DURBAN, South Africa - The first AIDS vaccine candidate designed specifically for Africa will enter human trials this summer. The International AIDS Vaccine Initiative (IAVI) announced today that the Medicines Control Agency (MCA) of the United Kingdom has approved Phase I testing of a DNA vaccine based on HIV subtype A, the most common strain in Kenya and in many other parts of Africa.
Recruitment for the trial, involving 18 volunteers, will begin in Oxford in August, and, pending local approvals, another trial is expected to follow in Nairobi three to six months later.
The news from the British regulatory agency coincided with the release of Scientific Blueprint 2000: Accelerating Global Efforts in AIDS Vaccine Development, a global strategic research and development agenda from IAVI. The new scientific blueprint concludes that developing an effective AIDS vaccine in the shortest possible time will require a widening of the vaccine pipeline, compressed timelines for clinical trials, greater focus on the needs of developing countries, and an infusion of US$900 million to $1.1 billion in new resources.

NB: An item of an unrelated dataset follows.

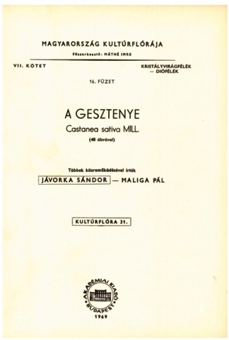 Jávorka, Sándor (1969) A gesztenye = Castanea sativa Mill. Kultúrflóra (31). Akadémiai Kiadó, Budapest.
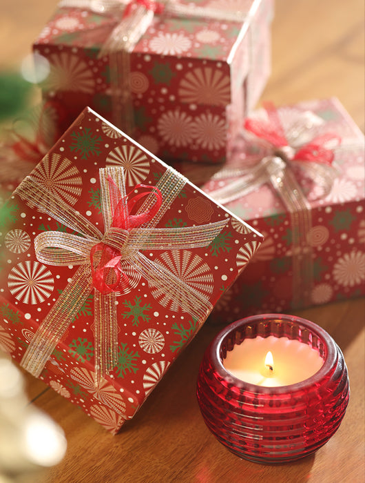 - Contents: 1 scented soy candle in a red ribbed glass

"The goal is in sight," said Wayne Koff, Ph.D., IAVI's vice president for research and development. "We are increasingly confident that a protective vaccine will be ready in five to 10 years. This is the time to move forward with an aggressive and focused research agenda."
The vaccine candidate approved for testing in Oxford is the product of a partnership between the research teams of Professor Andrew McMichael of Oxford University in the United Kingdom and Professor J.J. Bwayo of the University of Nairobi in Kenya. The Oxford/Nairobi Partnership is the first of four vaccine development partnerships funded by IAVI, a global scientific organization dedicated to accelerating the development of AIDS vaccines for use throughout the world.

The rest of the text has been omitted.